The group, backed by Warren Buffet’s Berkshire Hathaway, wants to raise sales to about 800,000 models in Europe by 2030. With at least one car manufacturing facility in the region, they want to reach the goals. It already bakes buses in the region.
Production in the UK
It is not the first manufacturer to have cited issues relating to Brexit in deciding not to expand business opportunities in the UK. Tesla’s chief executive, Elon Musk, said in 2019 that the decision to leave the EU made it too risky to build a gigafactory in the UK. The company built its first European plant in Germany, where it also created a research and development base. Other car manufacturers are also being forced to assess their business requirements amid tough global economic conditions. Ford announced 4,000 job cuts in Europe including 1,300 in the UK in February.

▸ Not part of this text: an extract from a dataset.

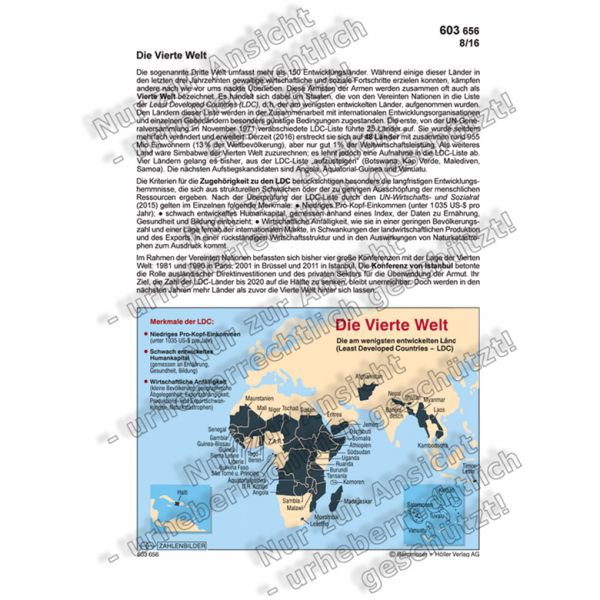 Einige Länder der ehemaligen Dritten Welt machten im Lauf der letzten drei bis vier Jahrzehnte gewaltige wirtschaftliche und soziale Fortschritte, andere kämpfen dagegen nach wie vor ums reine Überleben. Diese Ärmsten der Armen werden zusammen oft auch als Vierte Welt bezeichnet. Es handelt sich dabei um die Staaten, die von den Vereinten Nationen in die Liste der Least Developed Countries (LDC), d.h. der am wenigsten entwickelten Länder, aufgenommen wurden. Den Ländern dieser Liste werden in der Zusammenarbeit mit internationalen Entwicklungsorganisationen und einzelnen Geberländern besonders günstige Bedingungen zugestanden. Die erste, von der UN-Generalversammlung im November 1971 verabschiedete LDC-Liste führte 25 Länder auf. Sie wurde seitdem mehrfach verändert, indem neue Länder hinzukamen oder andere sie nach einer günstigen Entwicklung verlassen konnten. Anfang 2025 erstreckt sie sich auf 44 Länder mit zusammen rund 1,2 Milliarden Einwohnern (14 % der Weltbevölkerung), aber nur gut 1 % der Weltwirtschaftsleistung. Acht Ländern gelang es bisher, aus der LDC-Liste „aufzusteigen“: Botswana (1994), Kap Verde (2007), den Malediven (2011), Samoa (2014), Äquatorial-Guinea (2017), Vanuatu (2020), Bhutan (2023) sowie São Tomé und Principe (2024). Die nächsten Aufstiegskandidaten sind Bangladesch, Laos, Nepal (2026) und die Salomonen (2027).

Ford has said it would invest $50bn (£41bn) in electric car production by 2026, but it must also decide what to do with operations built around the internal combustion engine before bans on the sale of new petrol and diesel cars. Jaguar has pledged to go all-electric by 2025 and BMW said last month that half its European sales will be electric by 2030. BYD is one of a handful of Chinese companies – such as Nio, Xpeng, and Li Auto – targeting the European electric car market. It has launched three models in Europe, in markets including Norway and Germany, and the all-electric Atto3 sports utility vehicle in the UK.